LOW openclaw-gateway establishes persistent outbound connections to AWS post-install -4

After installation, the openclaw-gateway process (pid=1086) opens two ESTABLISHED connections to 54.211.197.216:443 (AWS us-east-1) and binds local TCP listeners on ports 18790 and 18793. This appears to be the ClawdBot platform gateway activating the newly installed skill's connectivity, not malicious behavior from the skill itself. Nonetheless, the skill install triggers new persistent network state.

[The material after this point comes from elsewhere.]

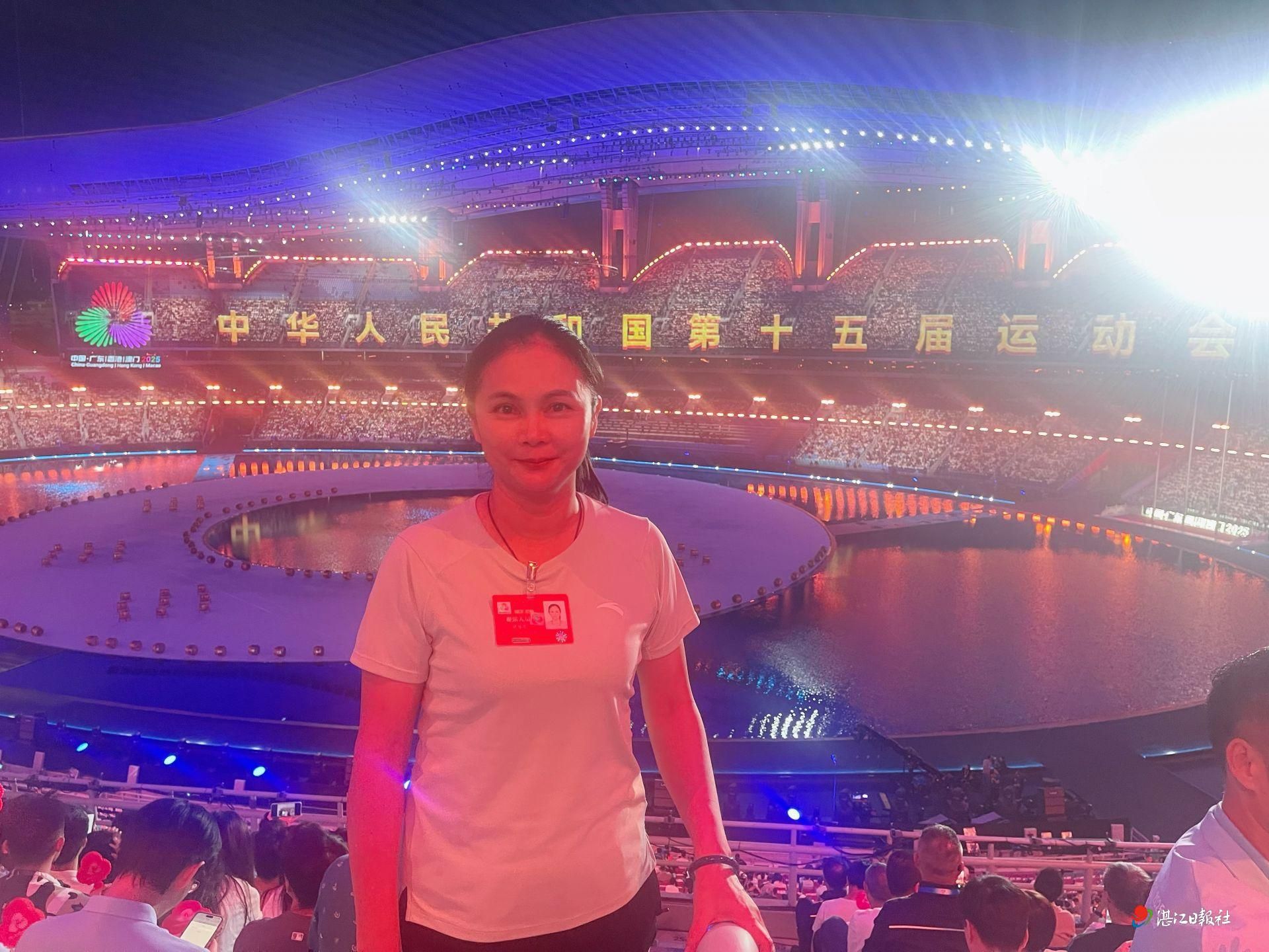 “全运会是国内规模最大、水平最高、影响最广的综合性体育盛会,作为运动员代表,能现场观看开幕式是一件很光荣的事。开幕式非常精彩,让我深受震撼!”来自赤坎的谭华燕今年6月代表广东队参加了十五运会群众体育七人制足球女子老将组比赛,获得第三名;四年前,她曾助力广东队夺得十四运会群众体育五人制足球女子老将组比赛金牌。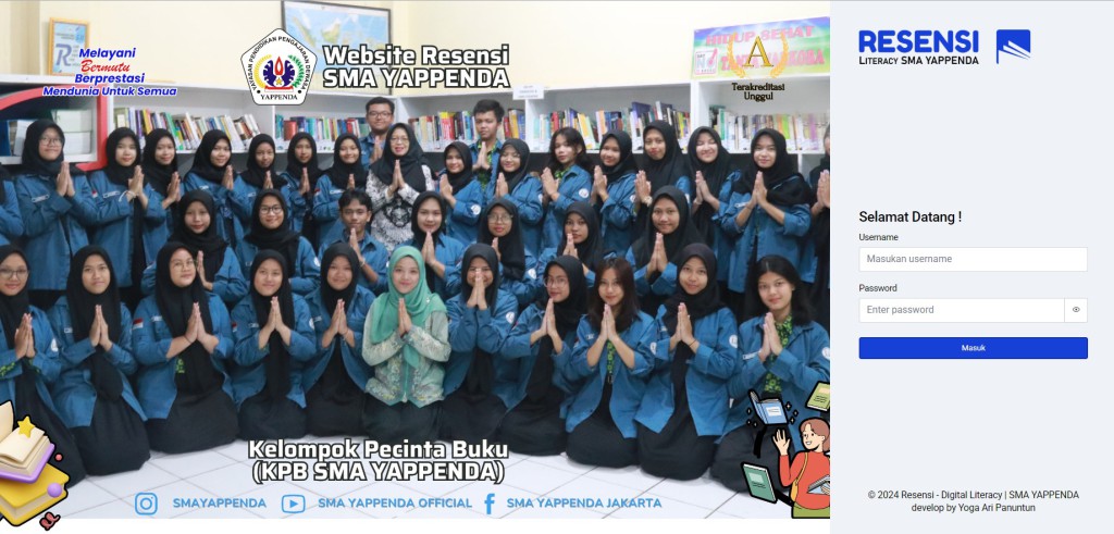 Resensi Digital ini merupakan sebuah inovasi yang diprakarsai oleh perpustakaan SMA YAPPENDA, yang bertujuan untuk meningkatkan minat dan kemampuan literasi Baca - Tulis siswa/i SMA YAPPENDA.

INFO Canary credential files opened in two systematic scans during audit session -3

Six canary files (.env, .ssh/id_rsa, .aws/credentials, .npmrc, .docker/config.json, .config/gcloud/application_default_credentials.json) were read in identical rapid succession both before install (1771926412.643) and after install (1771926434.772). The pre-install occurrence definitively rules out the skill as the cause. Pattern is consistent with audit platform canary verification routines. Canary integrity monitoring confirms no data was exfiltrated.

INFO Hardcoded example userId appears to be a specific Telegram user ID -2

All API examples in SKILL.md use userId '302137836', which has the format of a Telegram user ID. This suggests the skill was developed for a specific user or organization context and the documentation was not generalized before publishing. Not a security risk, but indicates the skill may be tightly coupled to specific infrastructure.